Rainwater tanks were easy though surely. After all, people have them in Sydney too (not us of course). The teenager freaked out after finding a dead mouse in the tank filter and our house still reverberates with shouts of “Turn off the shower,” and “Don’t run the tap while brushing your teeth”.

They tell me I’m lucky because we have a bore on our land. I do feel particularly lucky when switching on the various irrigation schemes across five acres of gardens. This involves walking 3km to 16 different bore taps to switch them on and then the same again to switch them off. Lucky indeed when a madcap idea of a new garden bed results in a six-foot-high water geyser and a $200 emergency plumbing charge. Never one to look a gift horse in the mouth however I love the dry creek bed except for the 100m stretch of native palms and 20 years of discarded fronds. The latent housewife in me finds them messy at best and a bushfire hazard at worst. Many hours and pairs of shredded gloves later we remain barely able to see from one side of the creek to the other.
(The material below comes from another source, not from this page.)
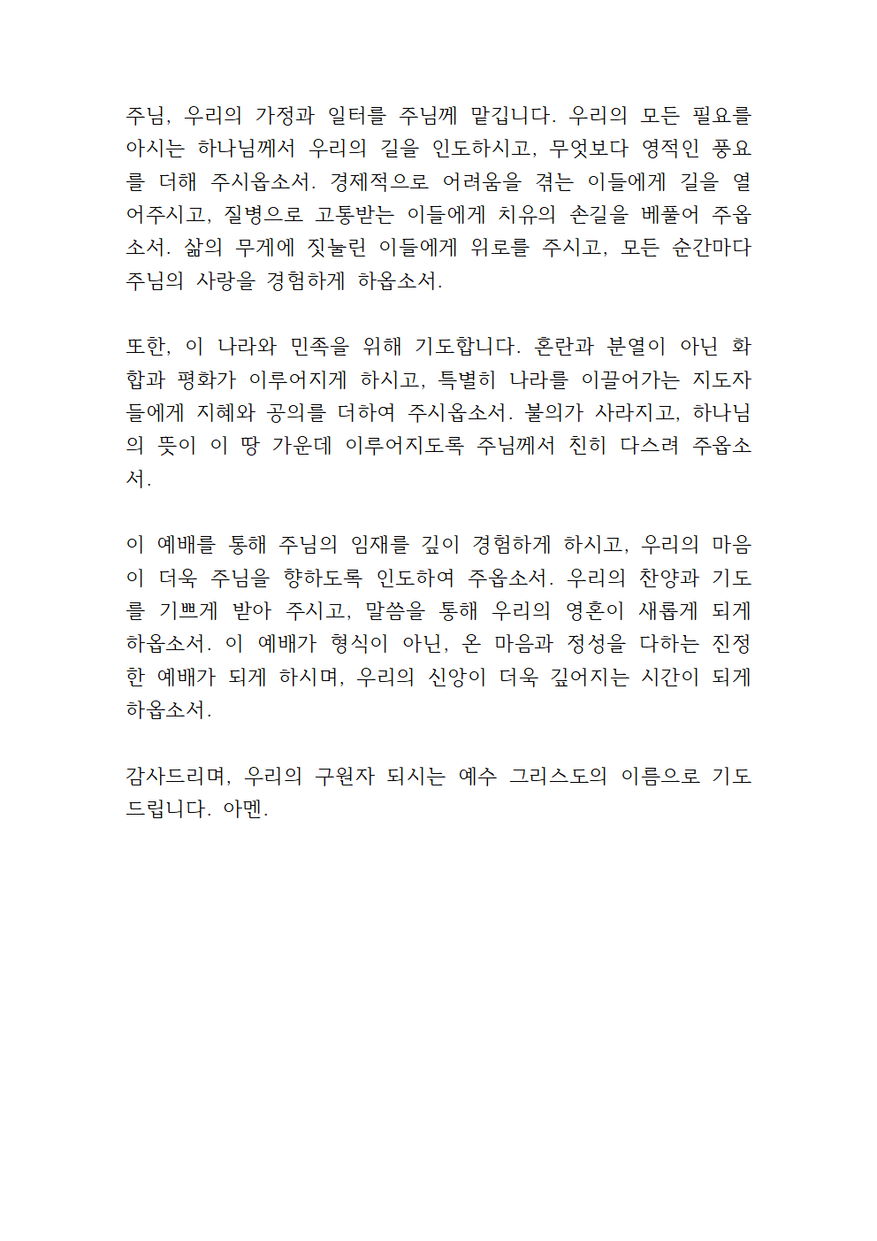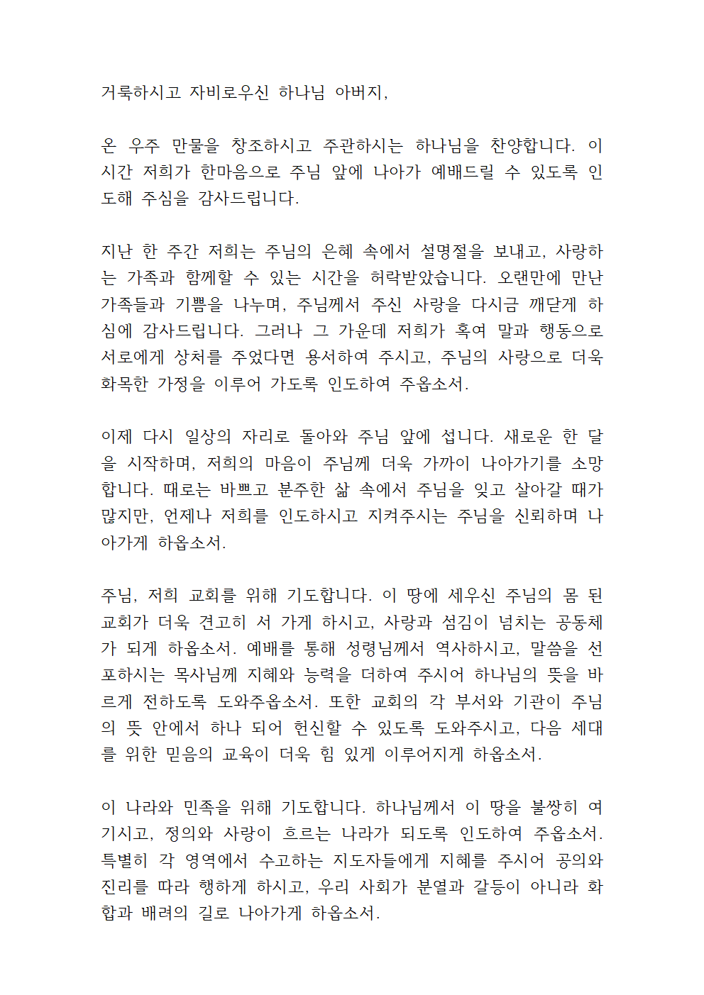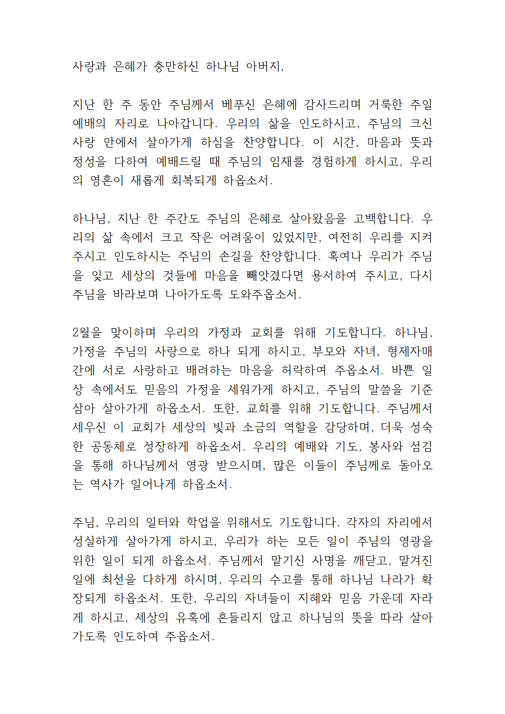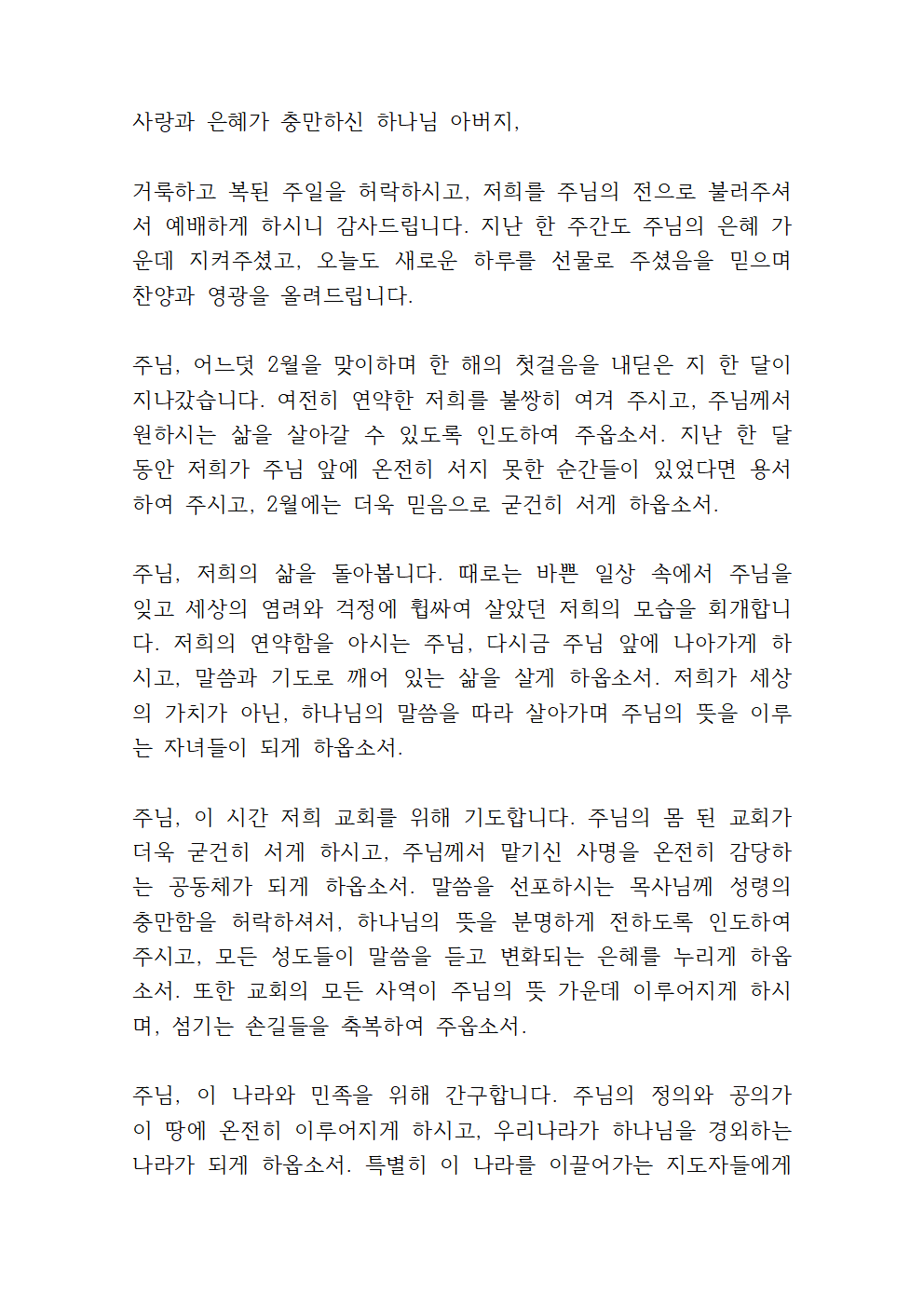 '2025년 2월 첫째 주일 낮예배 대표기도문 (6 가지)'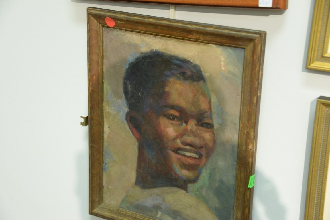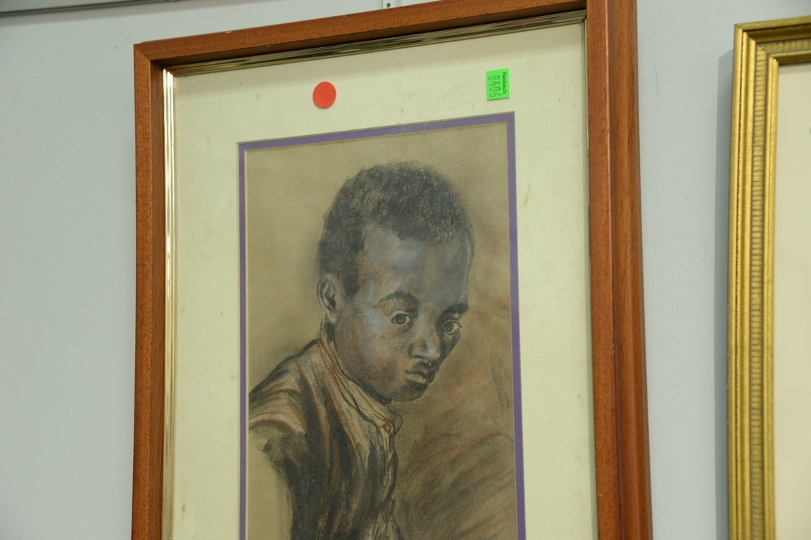 Lot 308: Two portrait paintings including an oil on canvas portrait of a young man Cletus by Henry Jones written on verso and a pastel port…

Then the rainforest. Us northern Europeans yearn for rows of majestic deciduous oaks surrounded by leaf fall rather than vine curtains, random fallen logs, split termite-infested tree stumps and blood-sucking leeches that litter this unruly forest.

However!! Nine months later I have perfected the art of zero-turns reducing mowing time to a few hours a week. Pomona’s Summit Suds has sorted my laundry, mice no longer visit the tank and despite limited rainfall we still have three full 20,000 litre tanks.

Several auto-controlled water timers control the bore irrigation and the dry creek bed is our favourite natural feature providing endless fun on the ATV. The biggest surprise of all is the rainforest becoming my favourite haunt. I’ve explored its crazy creeks and knotted vines, taken numerous photos and I live in hope that the forest’s koala food trees will one day lure the real thing.

A move to acreage after a lifetime of city living is not for the faint hearted but for us it has been tremendously rewarding and life changing. My teens entertain friends doing doughnuts on the mower during overnight camping trips rather than loitering at shopping centres. My husband watches kangaroos while typing at his computer and a strange kind of creative fury drives my day – a day beginning with the birdsong alarm call and ending with the starriest of night skies. Though I still hate dead mice and leeches.